Ethereum miners consider increasing the block gas limit, which has both advantages and drawbacks for the network.
What is gas and the gas limit?
Gas is a unit that measures the amount of computational effort required to send a transaction or perform other actions on the Ethereum blockchain. It is denominated in Gwei, or extremely small fractions of ETH.
Block gas limit, in turn, is the threshold of gas that can be spent on the transactions featured within one block.
How could this vote affect the network?
If the vote comes through, it would theoretically increase the network’s overall capacity and reduce fees. Specifically, as per Bitfly’s calculations, Ethereum blockchain would start processing around 44 transactions per second, while currently it handles 35 transactions per second on average. The firm referred to this speed bump as a “huge milestone for the community.”
However, the increased gas limit has some potential drawbacks, too. As the threshold becomes larger, it takes more time for miners to process each block, resulting in the so-called “uncle blocks” issue. It occurs when two different miners generate a block at the same time, and only one of these blocks joins the blockchain, essentially resulting in extra work for miners.
As Anton Bukov, CTO of 1inch, previously explained to Cointelegraph, there is also a possibility of overloading of the nodes running the network:
“Operations that cost little gas but require a lot of resources may be used to attack nodes. […] If transaction processing starts taking 10-15 seconds, nodes will completely stagnate.”
Increases in gas limit might also prompt weaker nodes to leave the network, potentially making it less decentralized. “That’s why the limit is raised so conservatively, and even then, usually it’s done after achieving some optimization results in client implementations,” Bukov said at the time.
Community is spilt over the vote
The recent initiative has been met with strong opposition from some community members. Core Ethereum developer Péter Szilágyi summarized Bitfly’s tweet in the following way:
“TL;DR: Ethereum miners don’t give a f— about the long term health of the network nor about DoS attacks.”

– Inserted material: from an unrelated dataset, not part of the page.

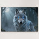 Unleash the power of the ancient wild with this Celtic Spirit Animal Wolf Jigsaw Puzzle featuring a hyper realistic 3D render in breathtaking 8K ultra detailed quality. Created with Unreal Engine 5-level realism and PBR photorealistic textures, this striking design showcases a powerful Celtic wolf spirit with glowing blue eyes piercing through a misty forest night.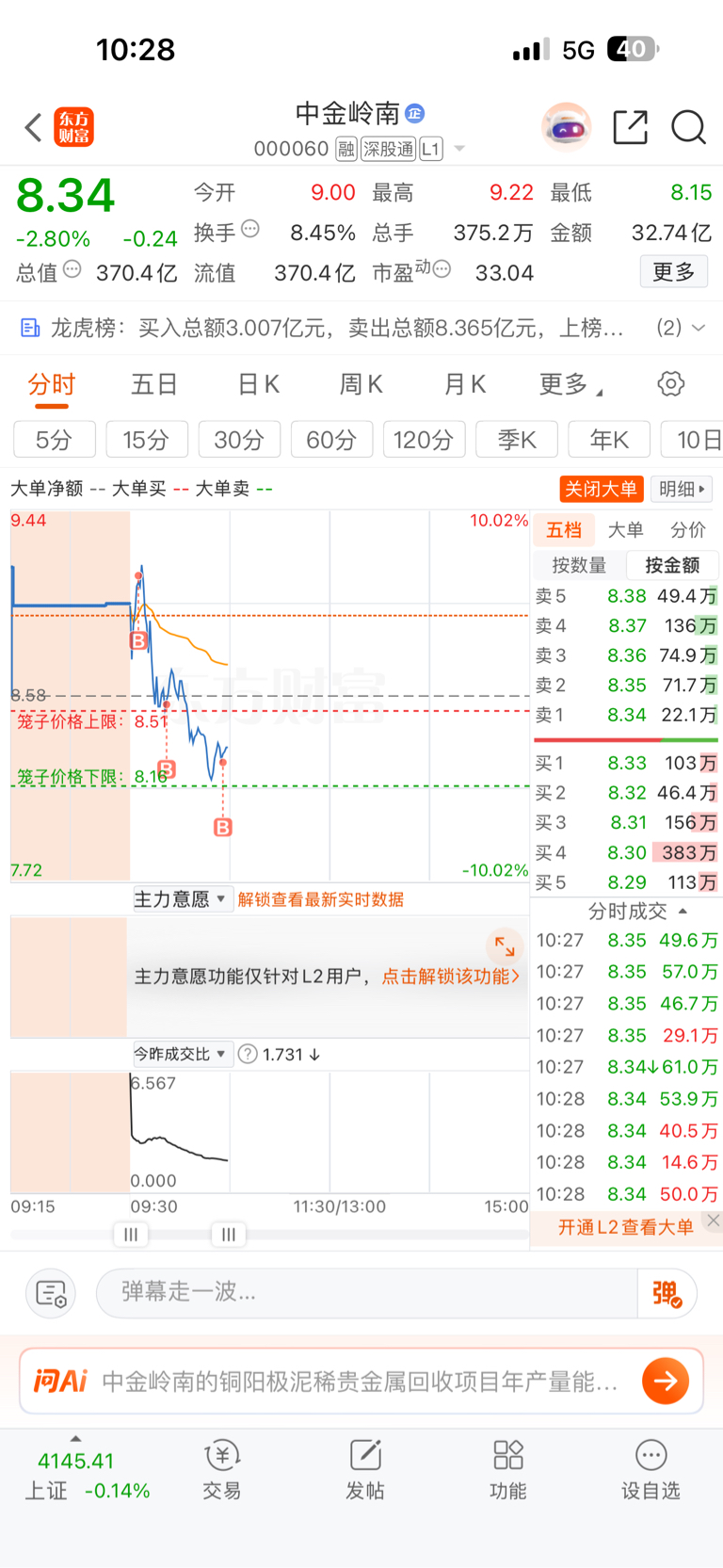 看好中金岭南,等着突破历史最高价格18.92,上了车的等着数钱,进了8500股。

Ethereum co-founder Vitalik Buterin has also joined the discussion. According to him, about six weeks ago a Sparkpool ETH mining pool representative asked him if he supported the gas limit increase. He said that he didn’t, citing Szilágyi’s views on the matter. Buterin’s position has seemingly shifted since, as he wrote:
“That said, the last 6 weeks of high txfees have put genuine pressure on people so I don’t blame them for this decision.”
Independent blockchain scalability researcher, Georgios Konstantopoulos, wrote that he’s against further block size increases and “you should be too”, adding:
“You are NOT scaling the system by increasing the block size.”
Bukov of 1inch, on the other hand, appears to favor the miners’ initiative. He told Cointelegraph:
“You have to worry about the network’s convenience for the community instead of longer-term state growth acceleration. Otherwise, Ethereum’s competitiveness gets affected, and more projects start considering migration to forked chains or other networks.”